Correspondance de Voltaire/1765/Lettre 5992

Correspondance : année 1765GarnierŒuvres complètes de Voltaire, tome 43 (p. 534-536).
5992. — À M.  ÉLIE DE BEAUMONT.
À Ferney, 19 avril.

Protecteur de l’innocence, vainqueur du fanatisme, homme né pour le bonheur des hommes, je crois que vous avez toutes les pièces nécessaires pour agir en faveur de la pauvre famille Sirven, que vous voulez bien prendre sous votre protection. Vous avez, je crois, an bas de la sentence du juge du village, l’extrait de l’arrêt du parlement de Toulouse, authentiquement certifié sur papier timbré. Vous savez que ces arrêts par contumace s’appellent délibération dans la langue de oc, et ce mot délibération doit se trouver au bout de votre pancarte. Sirven a perdu, par cette aventure, tout son bien, qui consistait dans un fonds de dix-neuf mille francs, outre quinze cents livres de rentes nettes que lui valait sa place. Voilà toute une famille expatriée, converte d’opprobre, et réduite à la plus cruelle misère. Le procès qu’on lui a fait me paraît absurde, l’enlèvement de sa fille affreux, la sentence un attentat contre la justice et contre la raison. S’il s’agissait de comparaître devant tout autre tribunal que celui de Toulouse, j’enverrais cette malheureuse famille se remettre à la discrétion de ses juges naturels ; mais je crains que les juges de Toulouse ne soient plus ulcérés que corrigés. Qui peut répondre que sept ou huit têtes échauffées ne se vengeront pas sur les Sirven du triomphe que vous avez procuré aux Calas ? J’attends votre décision. Je voudrais que vous pussiez sentir à quel point je vous révère, je vous admire et je vous aime.

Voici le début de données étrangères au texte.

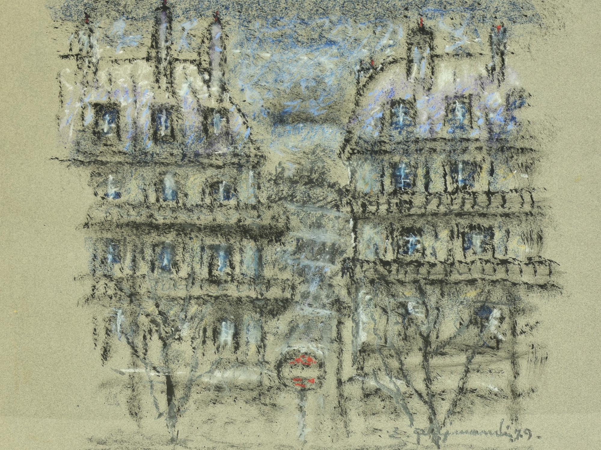 Enrico Allimandi PARIGI pastelli su carta, cm 43x56 firma e data eseguito nel...

Mille respects à votre digne compagne.

P. S. Je reçois dans ce moment, monsieur, votre lettre pour moi, et le paquet pour les Sirven. Je vais envoyer chercher cet infortuné père. Son malheur ne lui a peut-être pas laissé assez de netteté dans l’esprit pour répondre catégoriquement à toutes les questions que vous pourrez lui faire. Nous tâcherons cependant de vous fournir des éclaircissements. Quelque tournure que prenne cette affaire, elle ajoutera bien des fleurons à votre couronne.

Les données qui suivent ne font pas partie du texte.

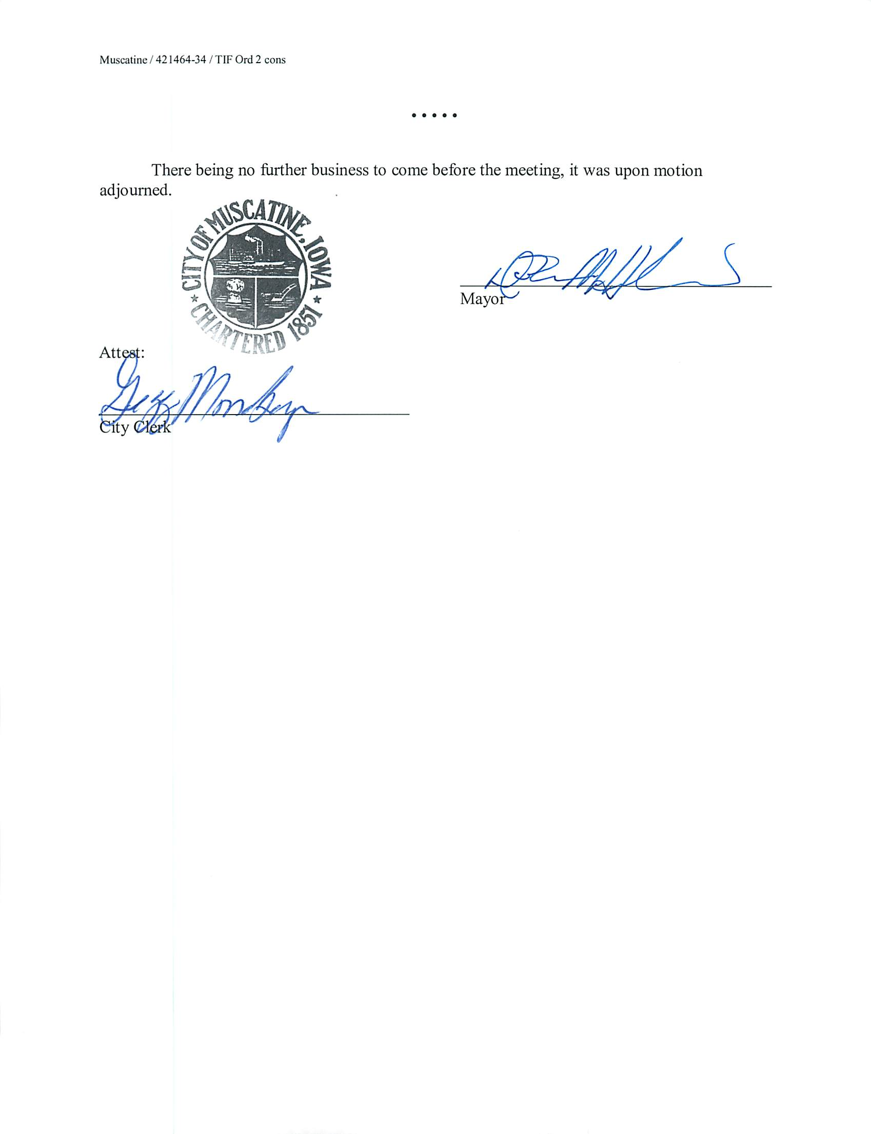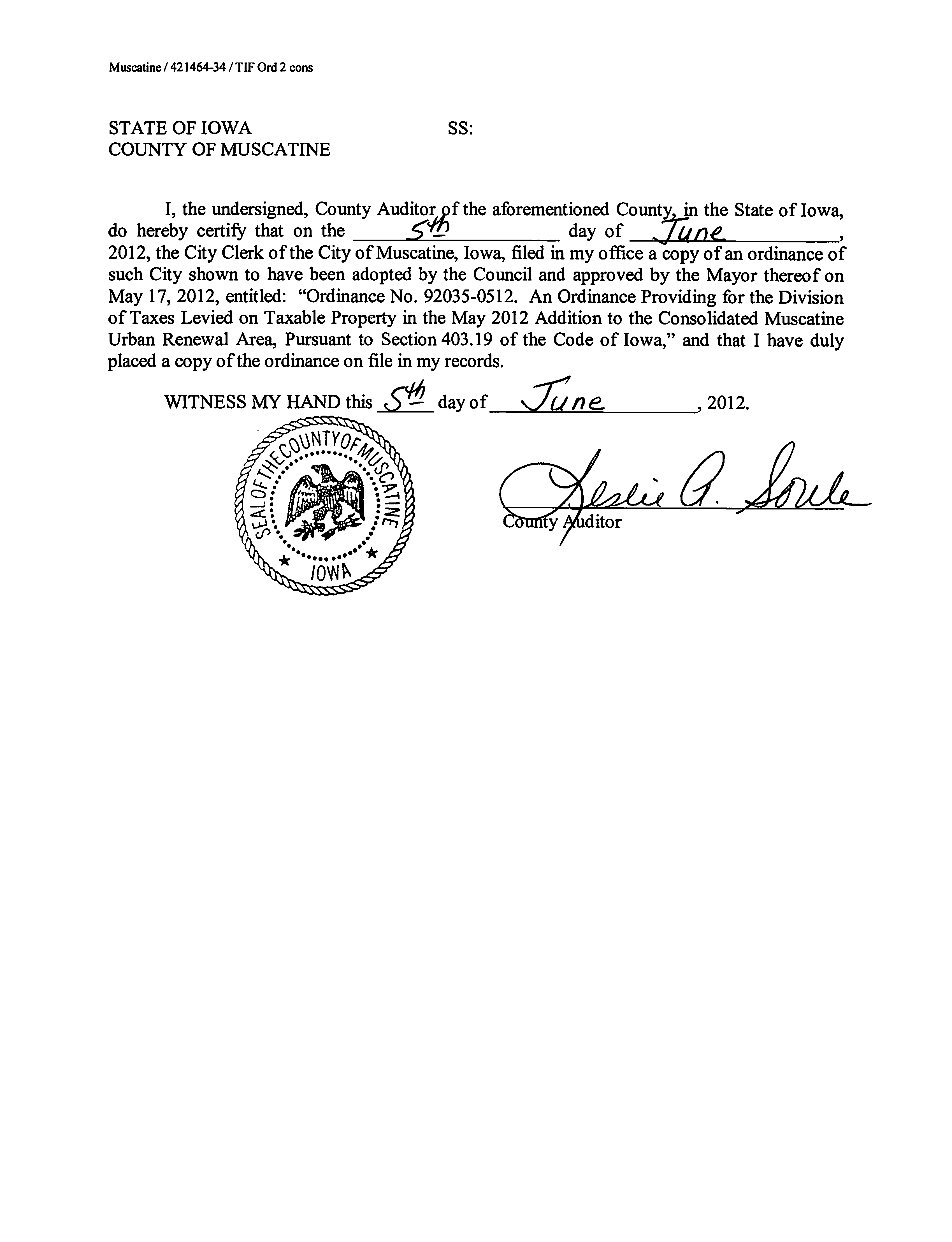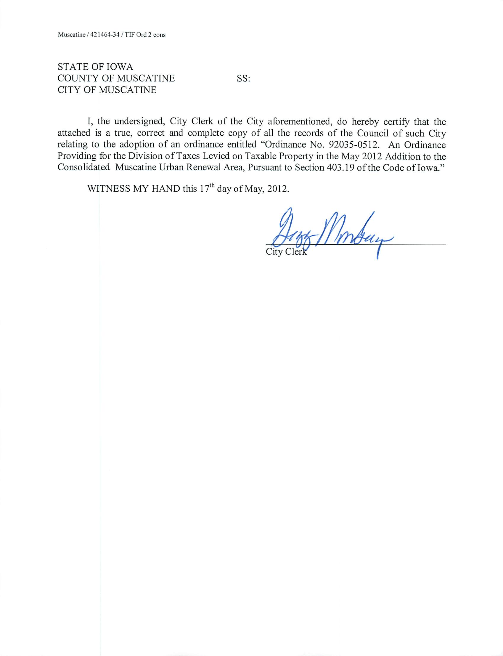 Version 1 Ord. Adopted Providing for Division of Taxes Levied on Taxable Property in the May 2012 Addition to the Consolidated Muscatine Urban Renewal Area

Vous êtes trop bon d’avoir bien voulu répondre au petit mémoire à consulter sur une maison. Je vous en remercie tendrement. L’affaire fut accommodée dès que j’eus envoyé mon mémoire. Les juifs qui faisaient, ces étranges difficultés n’osèrent pas les soutenir, et les principaux intéressés n’ont pas balancé un moment à faire tout ce qui était convenable. Votre nom est tellement en vénération dans ce pays-ci qu’on n’oserait pas faire une chose désapprouvée par vous.